Given records:
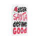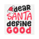 これはおもしろいとおもしろい小さな赤と黒のデザインとよくはしゃぐトレンディーフォントちょうど休日に間に合う。Santa Define Good親愛は、休日ファッションとホームデコールアイテムの両方に最適。
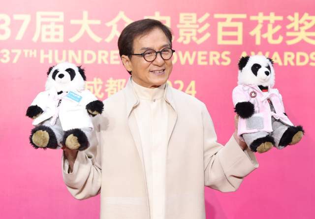 成龙也来到了现场,如今70岁的成龙依旧活跃在影坛,这次露面也是精神抖擞,手拿两个熊猫,笑容满面,发量也很健康。
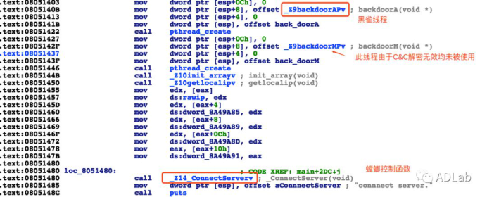 在长期的对僵尸网络的研究中,Dofloo一直是我们监控的对象。在之前的研究中,通过自动化分析该家族的关联样本,发现该家族的大部分样本都会启动两个新的攻击线程,并发现这两个线程存在异常行为。如:不仅会设置延迟启动线程,还会尝试跟另一个C&C控制端进行连接通信。因此,我们对这些样本进行了进一步的分析,最终确定该僵尸生态中被植入了黑雀。
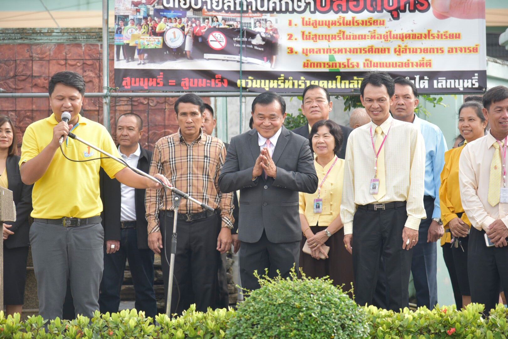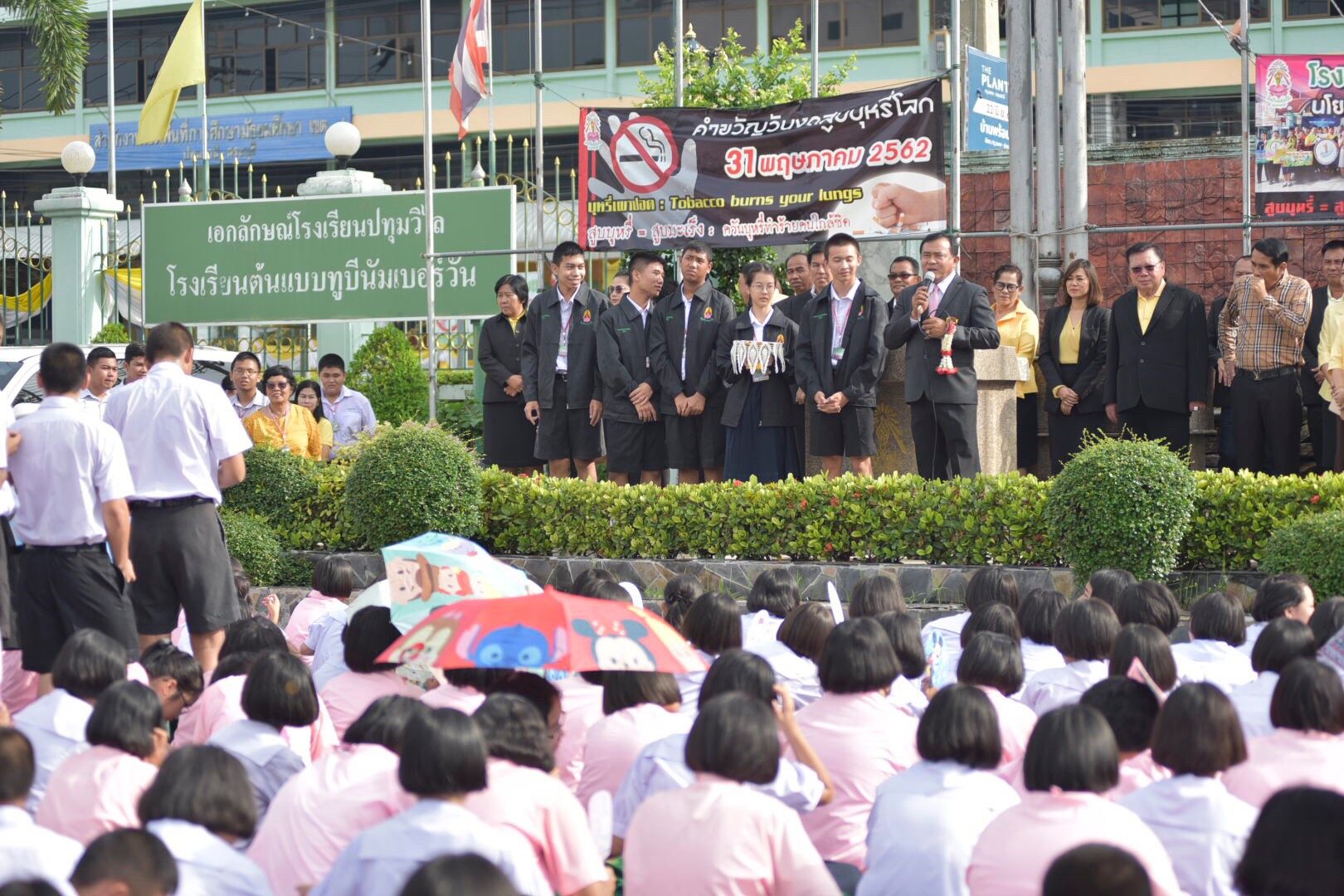 นายชาญ พวงเพ็ชร์ นายกองค์การบริหารส่วนจังหวัดปทุมธานี กล่าวว่า ที่เดินทางมาพบปะนักเรียนในวันนี้เพื่อร่วมพูดคุยแลกเปลี่ยนข้อคิดเห็นและรับข้อเสนอแนะ และถามความคิดเห็นจากเด็กนักเรียนว่า อยากได้อะไรบ้างในการพัฒนาการศึกษา โรงเรียนยังขาดอะไรเพื่อจะได้จัดสรรงบประมาณมาสนับสนุนได้อย่างถูกต้องตามความต้องการและพร้อมสนับสนุนให้คุณภาพการศึกษามีประสิทธิภาพมากยิ่งขึ้นต่อไป นายชาญ ยังให้โอวาทเด็กนักเรียน ให้ตั้งใจเรียน เป็นคนดีของสังคมและทดแทนพระคุณพ่อแม่
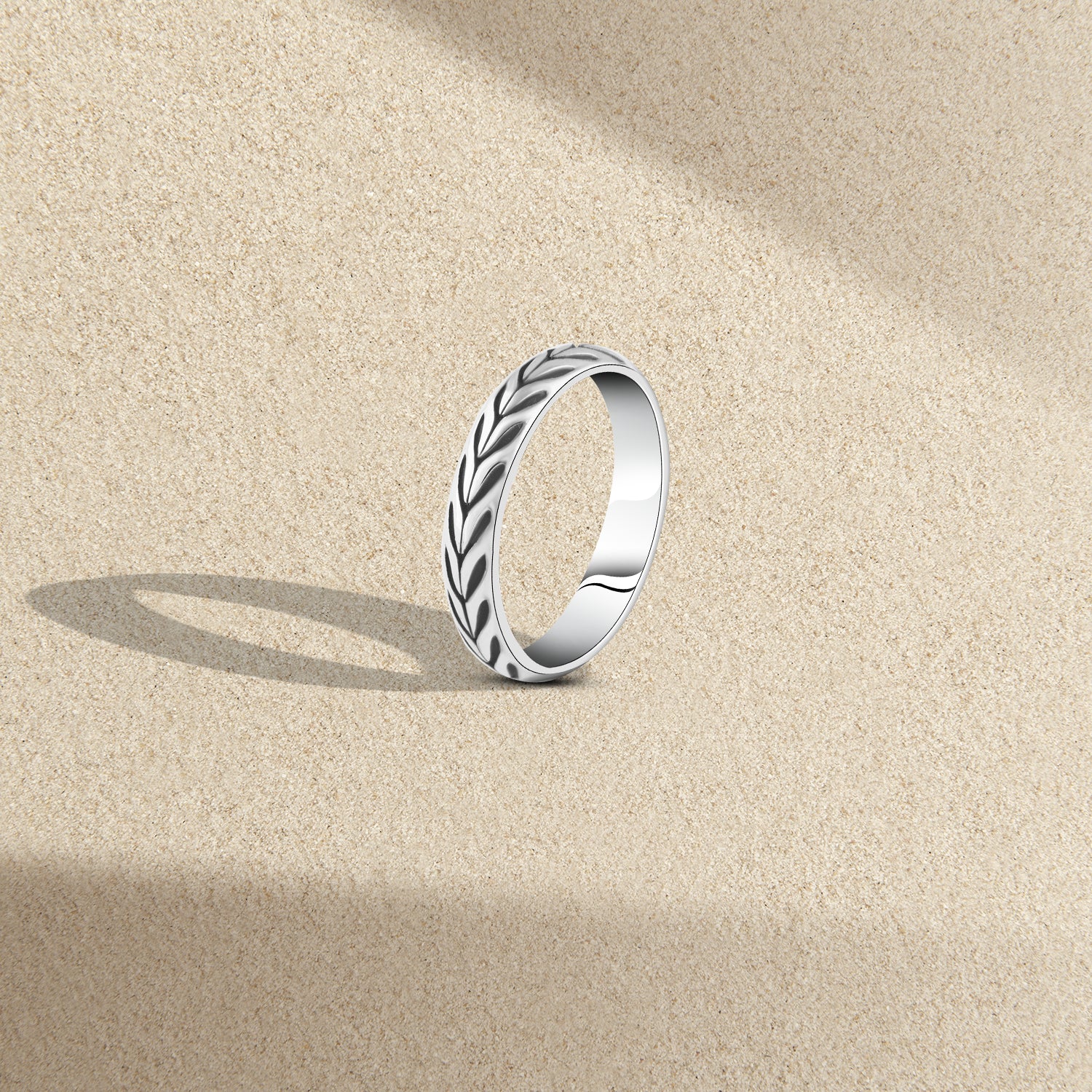 دبلة رجالي فضة عيار 925 بتصميم يدوي علي شكل سنابل القمح
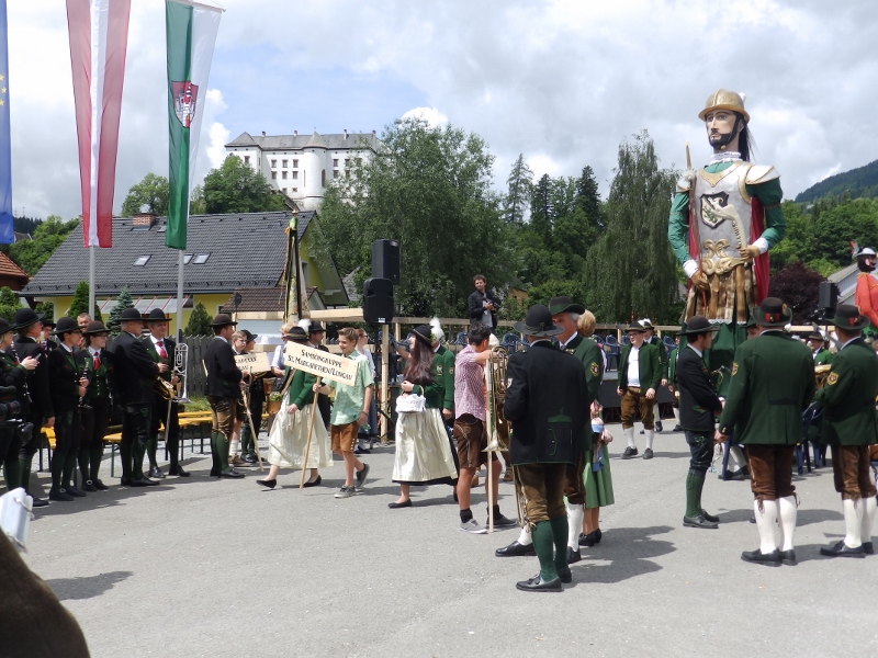 Besonders schön und traurig zugleich war heuer die Riadl-Trage. Sie trägt stets die Muttergottesstatue und ist daher bereits ein Blickfang, heuer jedoch war sie außerdem mit Trauerflor geschmückt, da am Tag zuvor unsere liebe Riadl-Mutter Maria Würger verstorben ist. Maria war immer Feuer und Flamme wenn es um Fronleichnam, dem Blumen brocken, Trage binden, schön verzieren, in die Kirche tragen und dem Präsentieren beim Umzug ging, deshalb war es etwas sehr Berührendes, dass sie in ihrem Sinne und mit den Gedanken bei ihr getragen wurde. Wir denken fest an die Hinterbliebenen und wünschen viel Kraft für diese schwere Zeit.

Problem to work on:
Please retype the whole of the data precisely, omitting pictures.

Response below:
 これはおもしろいとおもしろい小さな赤と黒のデザインとよくはしゃぐトレンディーフォントちょうど休日に間に合う。Santa Define Good親愛は、休日ファッションとホームデコールアイテムの両方に最適。
 成龙也来到了现场,如今70岁的成龙依旧活跃在影坛,这次露面也是精神抖擞,手拿两个熊猫,笑容满面,发量也很健康。
 在长期的对僵尸网络的研究中,Dofloo一直是我们监控的对象。在之前的研究中,通过自动化分析该家族的关联样本,发现该家族的大部分样本都会启动两个新的攻击线程,并发现这两个线程存在异常行为。如:不仅会设置延迟启动线程,还会尝试跟另一个C&C控制端进行连接通信。因此,我们对这些样本进行了进一步的分析,最终确定该僵尸生态中被植入了黑雀。
 นายชาญ พวงเพ็ชร์ นายกองค์การบริหารส่วนจังหวัดปทุมธานี กล่าวว่า ที่เดินทางมาพบปะนักเรียนในวันนี้เพื่อร่วมพูดคุยแลกเปลี่ยนข้อคิดเห็นและรับข้อเสนอแนะ และถามความคิดเห็นจากเด็กนักเรียนว่า อยากได้อะไรบ้างในการพัฒนาการศึกษา โรงเรียนยังขาดอะไรเพื่อจะได้จัดสรรงบประมาณมาสนับสนุนได้อย่างถูกต้องตามความต้องการและพร้อมสนับสนุนให้คุณภาพการศึกษามีประสิทธิภาพมากยิ่งขึ้นต่อไป นายชาญ ยังให้โอวาทเด็กนักเรียน ให้ตั้งใจเรียน เป็นคนดีของสังคมและทดแทนพระคุณพ่อแม่
 دبلة رجالي فضة عيار 925 بتصميم يدوي علي شكل سنابل القمح
 Besonders schön und traurig zugleich war heuer die Riadl-Trage. Sie trägt stets die Muttergottesstatue und ist daher bereits ein Blickfang, heuer jedoch war sie außerdem mit Trauerflor geschmückt, da am Tag zuvor unsere liebe Riadl-Mutter Maria Würger verstorben ist. Maria war immer Feuer und Flamme wenn es um Fronleichnam, dem Blumen brocken, Trage binden, schön verzieren, in die Kirche tragen und dem Präsentieren beim Umzug ging, deshalb war es etwas sehr Berührendes, dass sie in ihrem Sinne und mit den Gedanken bei ihr getragen wurde. Wir denken fest an die Hinterbliebenen und wünschen viel Kraft für diese schwere Zeit.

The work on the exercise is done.